Work to be completed – Make a verbatim copy of the entries below; pictures stay out.
--- Available data ---
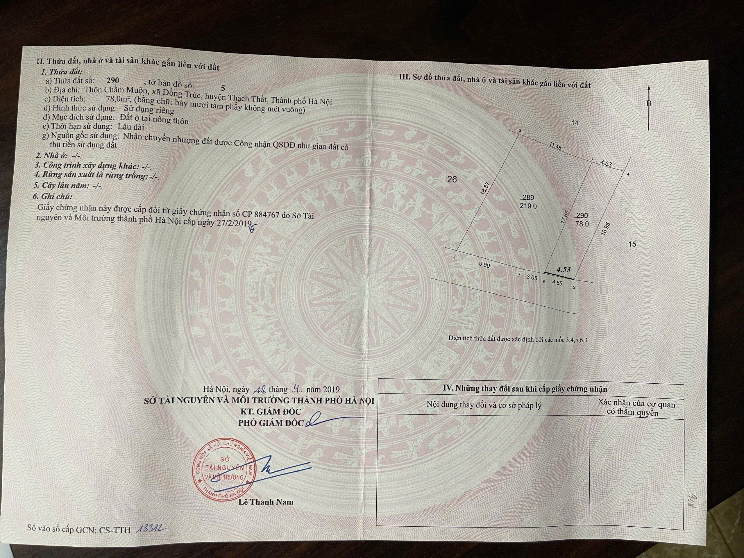 Diện tích sổ 78m2 thực tế 75,4 m đang xin cấp sổ mới
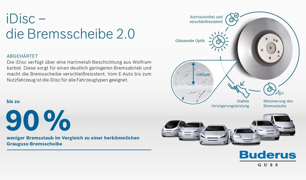 Zato je za lastnike avtomobilov in tudi za ekologe zelo razveseljiva novica, ki prihaja iz nemškega podjetja Buderus Guss, kjer v enem letu proizvodnje izdelajo približno 20 milijonov novih zavornih diskov. Za nastanek te novice je krivo predvsem spoznanje, da izpuhi škodljivih emisij za okolje, ki nastanejo ob delovanju motorjev s fosilnimi gorivi, niso edini krivec za povečano onesnaževanje ozračja, soliden delež pri tem (približno 33 odstotkov) ima tudi zavorni prah, ki predstavlja posledico obrabe zavornih ploščic in diskov. Zato so se Nemci pred časom lotili razvoja in izdelave resnično revolucionarnega zavornega diska z imenom iDisc ('i' simbolizira inovacijo), ker ob zaviranju ob pomoči takšnega diska nastane do 90 odstotkov manj zavornega prahu. Posledično bodo lepša (manj umazana) tudi platišča na avtomobilih s kolutnimi zavorami.
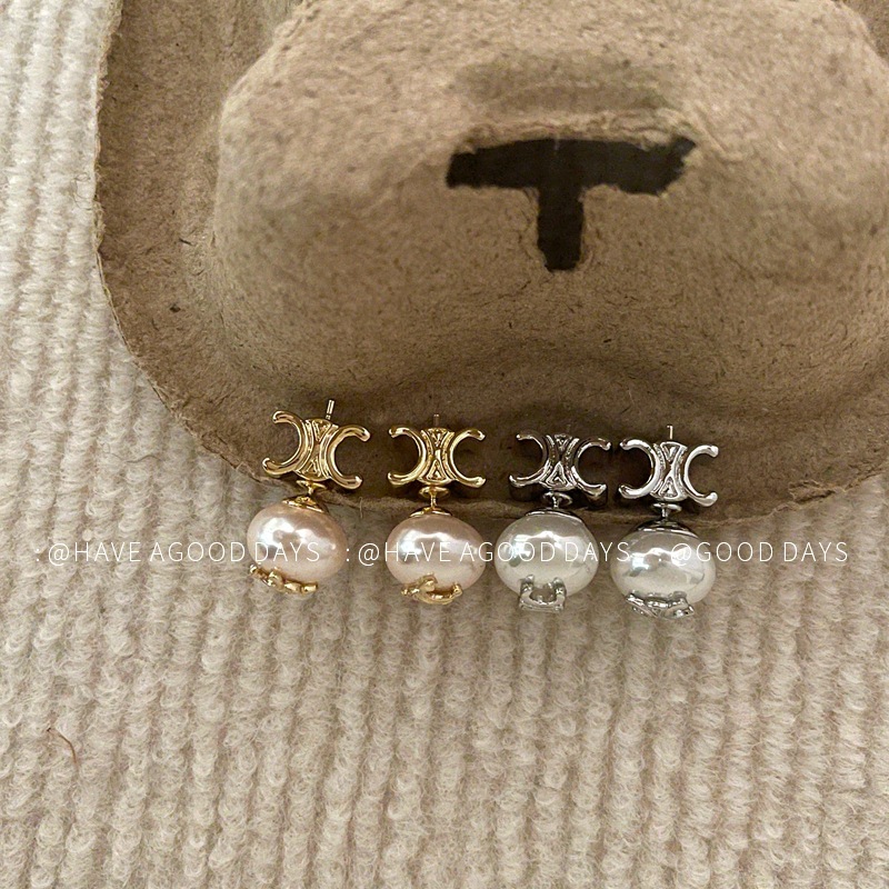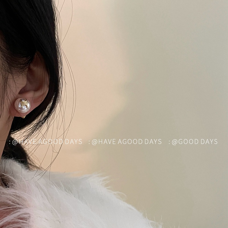 双面字母馒头珍珠耳环轻奢风925银针百搭时尚个性耳饰高级感气质~
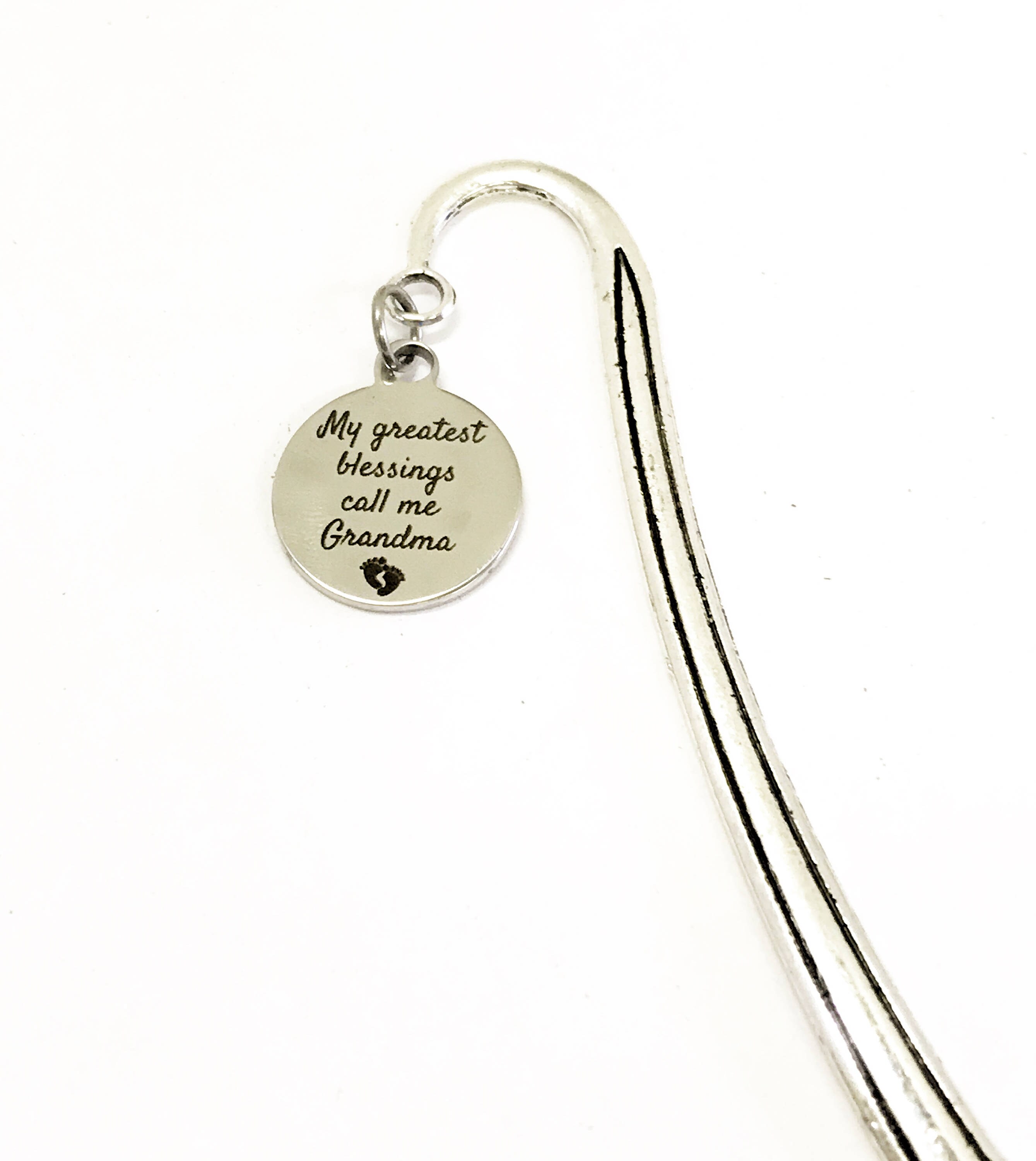 This is a great grandma gift! It is a metal bookmark that has a stainless steel laser engraved charm that has "My greatest blessings call me Grandma" on it. The bookmark measures approx. 4.9 Inches in length.
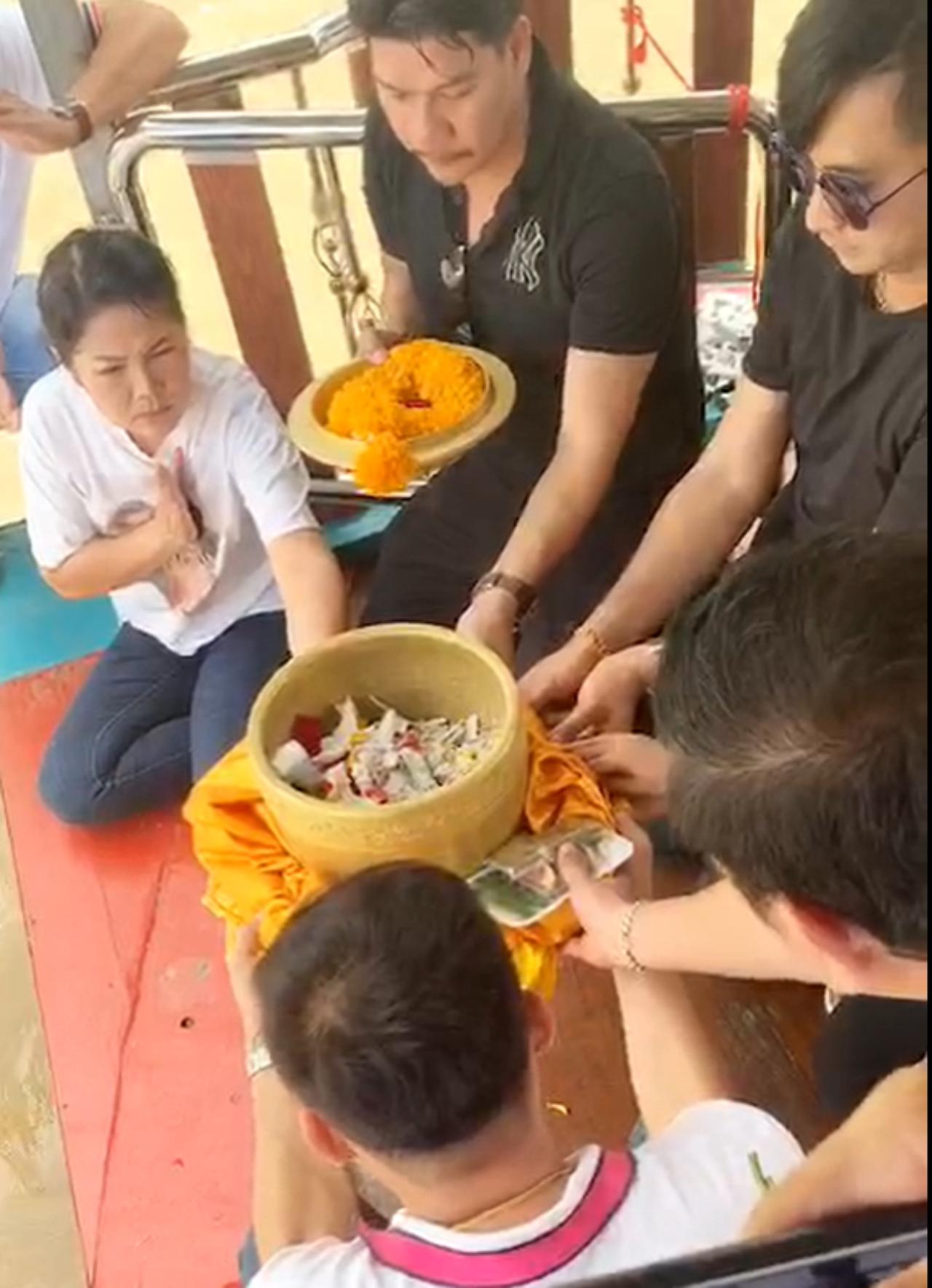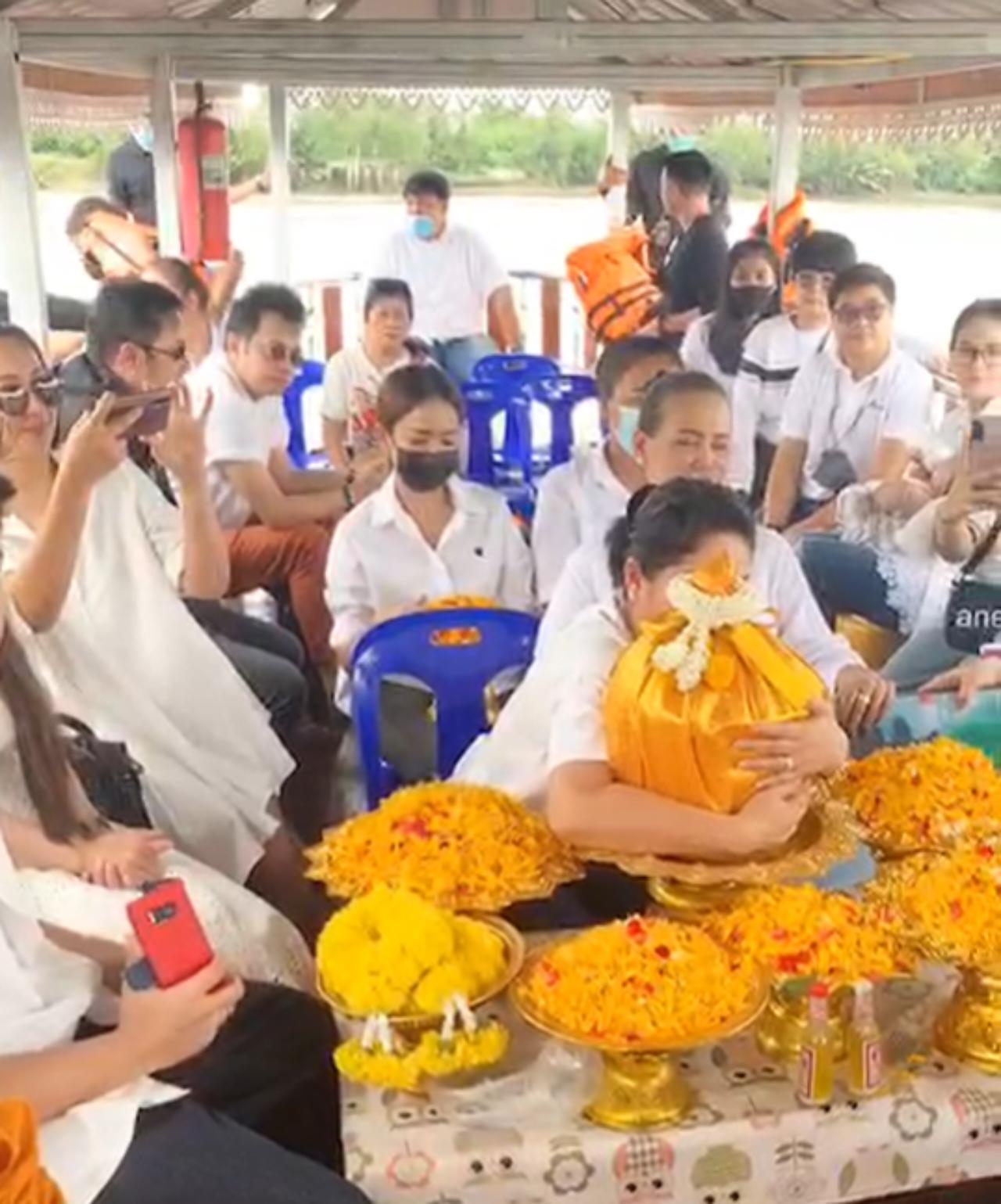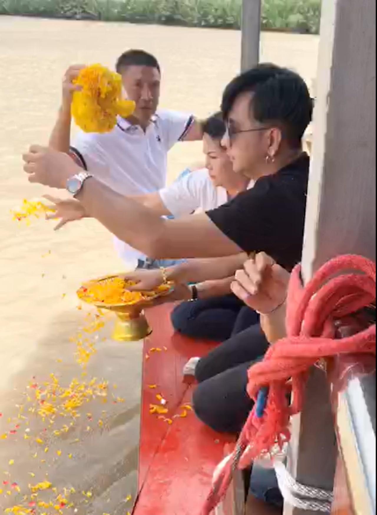 ซึ่งบรรยากาศในระหว่างที่นั่งเรือไปลอยอังคารยังเต็มไปด้วยความโศกเศร้า ซึ่ง แจ๋ว วิภารัตน์ ภรรยาของโรเบิร์ตได้ใส่เสื้อยืดสีขาวมีลายสกรีนรูปคู่กับสามี และตลอดพิธีกรรมยังคอยจับ ลูบ และกอดพานใส่กระดูกของโรเบิร์ตตลอดเวลา ก่อนจะทำพิธีลอยอัฐิ โปรยดอกไม้ และปล่อยปลา เป็นการสุดท้าย
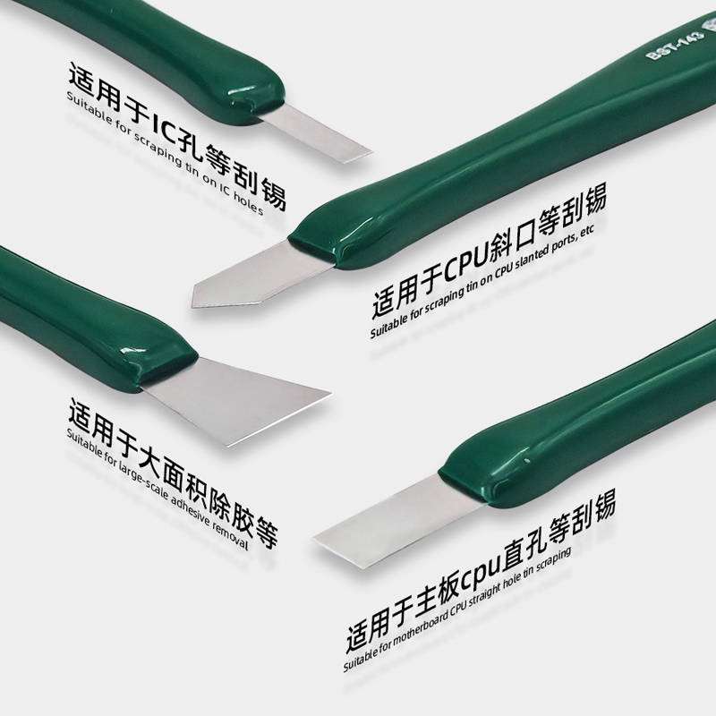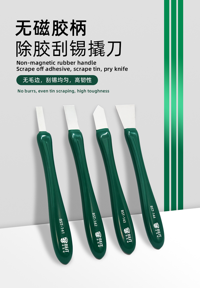 返回当前位置: 首页 / 产品中心 / BST-141/142/143/144 无磁刮锡刀 无磁胶柄除胶刮刀 超薄耐高温防锈防腐工具撬刀 锡浆搅拌BGA撬刀
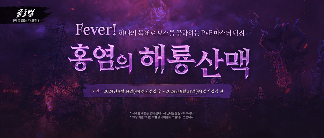 이벤트 | [이벤트] FEVER! 홍염의 해룡산맥 | 2024. 8. 14. ~ 2024. 8. 21 | |
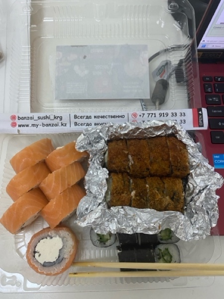 Как всегда все великолепно, не знаю почему но именно на Шахтеров всегда очень вкусные суши, когда опускаешь в мою они не разваливаются и рыба всегда очень нежная и вкусная, рис проверенный и соя тоже не сильно соленая что плюс
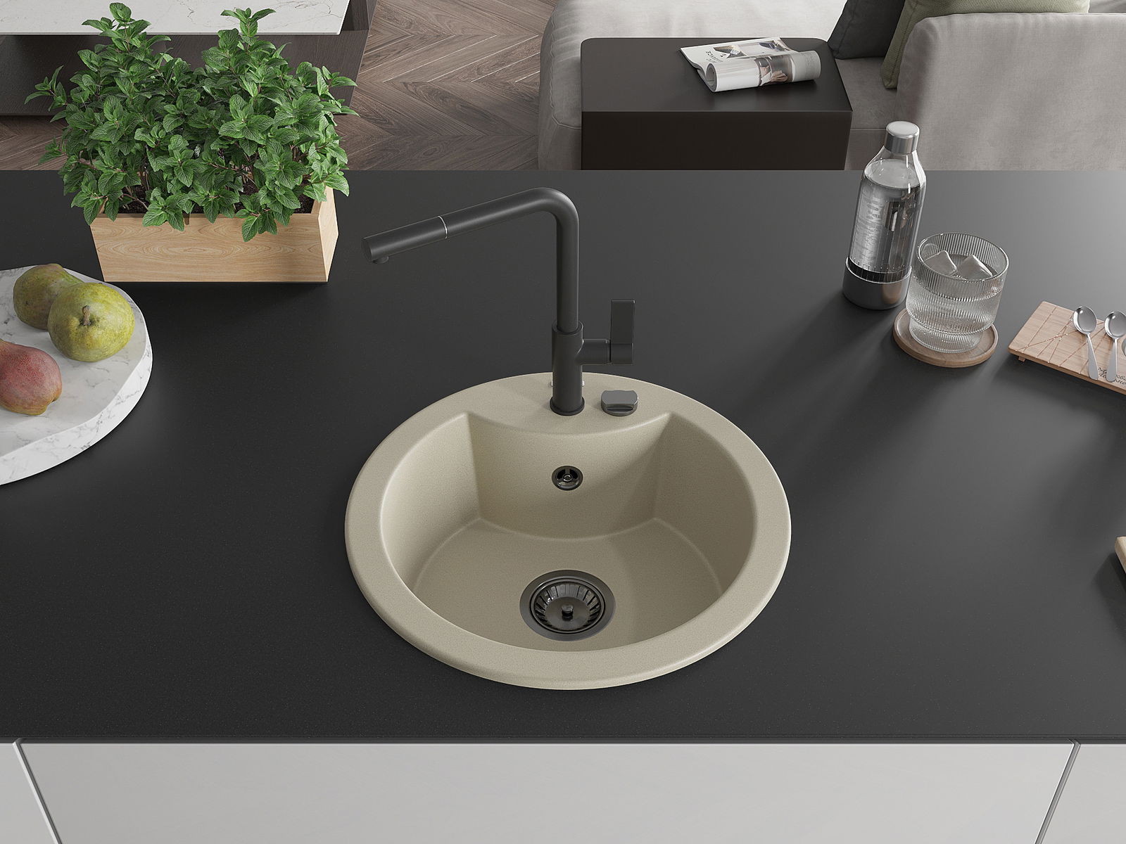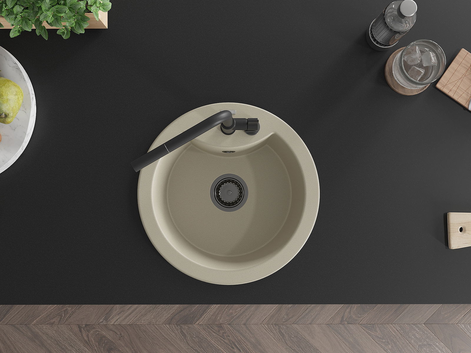 Kriauklės paviršius yra atsparūs dėmėms ir spalvos pasikeitimui, dėl kurio lengva valyti ir ilgą laiką išlaikyti savo spalvą. Estetinis ir praktiškai papildantis kiekvieną virtuvę.
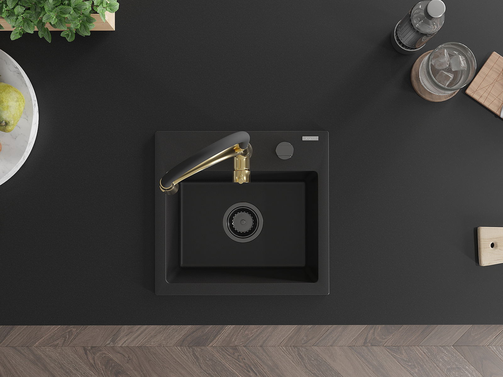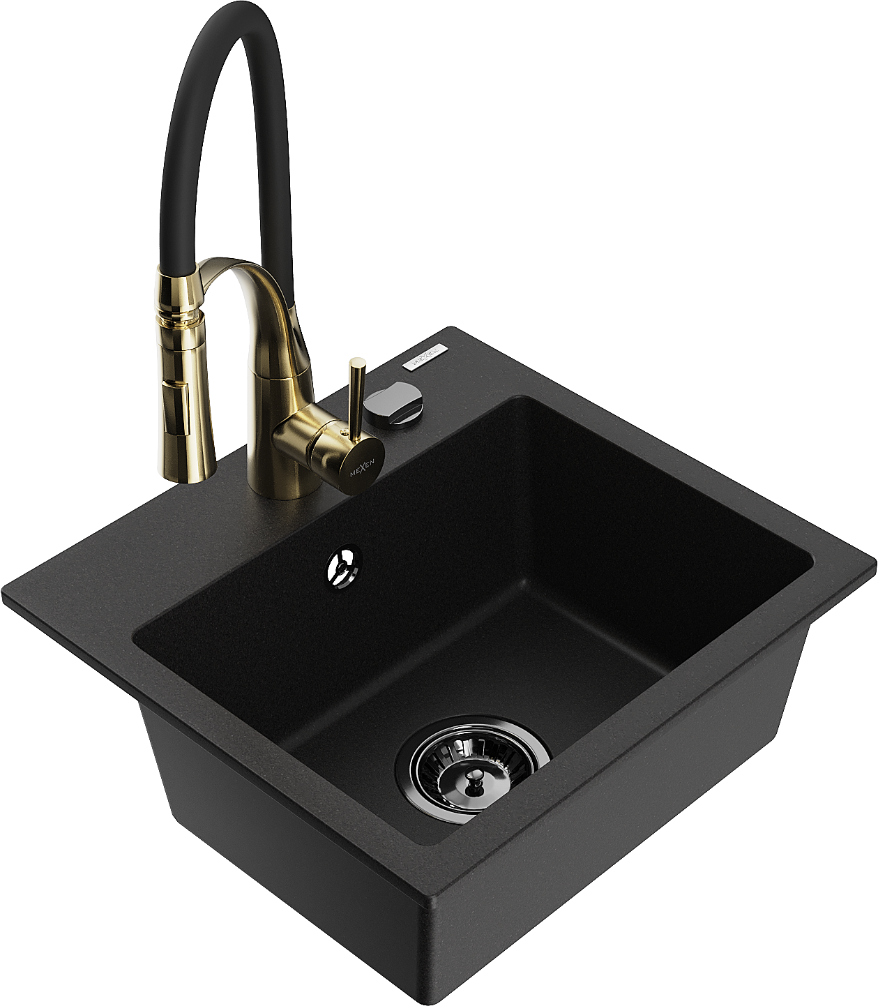 Mexen Milo lavello in granito a 1 vasca con rubinetto da cucina Aster, nero - 6505-77-73450-57-B
---
The completed task –
 Diện tích sổ 78m2 thực tế 75,4 m đang xin cấp sổ mới
 Zato je za lastnike avtomobilov in tudi za ekologe zelo razveseljiva novica, ki prihaja iz nemškega podjetja Buderus Guss, kjer v enem letu proizvodnje izdelajo približno 20 milijonov novih zavornih diskov. Za nastanek te novice je krivo predvsem spoznanje, da izpuhi škodljivih emisij za okolje, ki nastanejo ob delovanju motorjev s fosilnimi gorivi, niso edini krivec za povečano onesnaževanje ozračja, soliden delež pri tem (približno 33 odstotkov) ima tudi zavorni prah, ki predstavlja posledico obrabe zavornih ploščic in diskov. Zato so se Nemci pred časom lotili razvoja in izdelave resnično revolucionarnega zavornega diska z imenom iDisc ('i' simbolizira inovacijo), ker ob zaviranju ob pomoči takšnega diska nastane do 90 odstotkov manj zavornega prahu. Posledično bodo lepša (manj umazana) tudi platišča na avtomobilih s kolutnimi zavorami.
 双面字母馒头珍珠耳环轻奢风925银针百搭时尚个性耳饰高级感气质~
 This is a great grandma gift! It is a metal bookmark that has a stainless steel laser engraved charm that has "My greatest blessings call me Grandma" on it. The bookmark measures approx. 4.9 Inches in length.
 ซึ่งบรรยากาศในระหว่างที่นั่งเรือไปลอยอังคารยังเต็มไปด้วยความโศกเศร้า ซึ่ง แจ๋ว วิภารัตน์ ภรรยาของโรเบิร์ตได้ใส่เสื้อยืดสีขาวมีลายสกรีนรูปคู่กับสามี และตลอดพิธีกรรมยังคอยจับ ลูบ และกอดพานใส่กระดูกของโรเบิร์ตตลอดเวลา ก่อนจะทำพิธีลอยอัฐิ โปรยดอกไม้ และปล่อยปลา เป็นการสุดท้าย
 返回当前位置: 首页 / 产品中心 / BST-141/142/143/144 无磁刮锡刀 无磁胶柄除胶刮刀 超薄耐高温防锈防腐工具撬刀 锡浆搅拌BGA撬刀
 이벤트 | [이벤트] FEVER! 홍염의 해룡산맥 | 2024. 8. 14. ~ 2024. 8. 21 | |
 Как всегда все великолепно, не знаю почему но именно на Шахтеров всегда очень вкусные суши, когда опускаешь в мою они не разваливаются и рыба всегда очень нежная и вкусная, рис проверенный и соя тоже не сильно соленая что плюс
 Kriauklės paviršius yra atsparūs dėmėms ir spalvos pasikeitimui, dėl kurio lengva valyti ir ilgą laiką išlaikyti savo spalvą. Estetinis ir praktiškai papildantis kiekvieną virtuvę.
 Mexen Milo lavello in granito a 1 vasca con rubinetto da cucina Aster, nero - 6505-77-73450-57-B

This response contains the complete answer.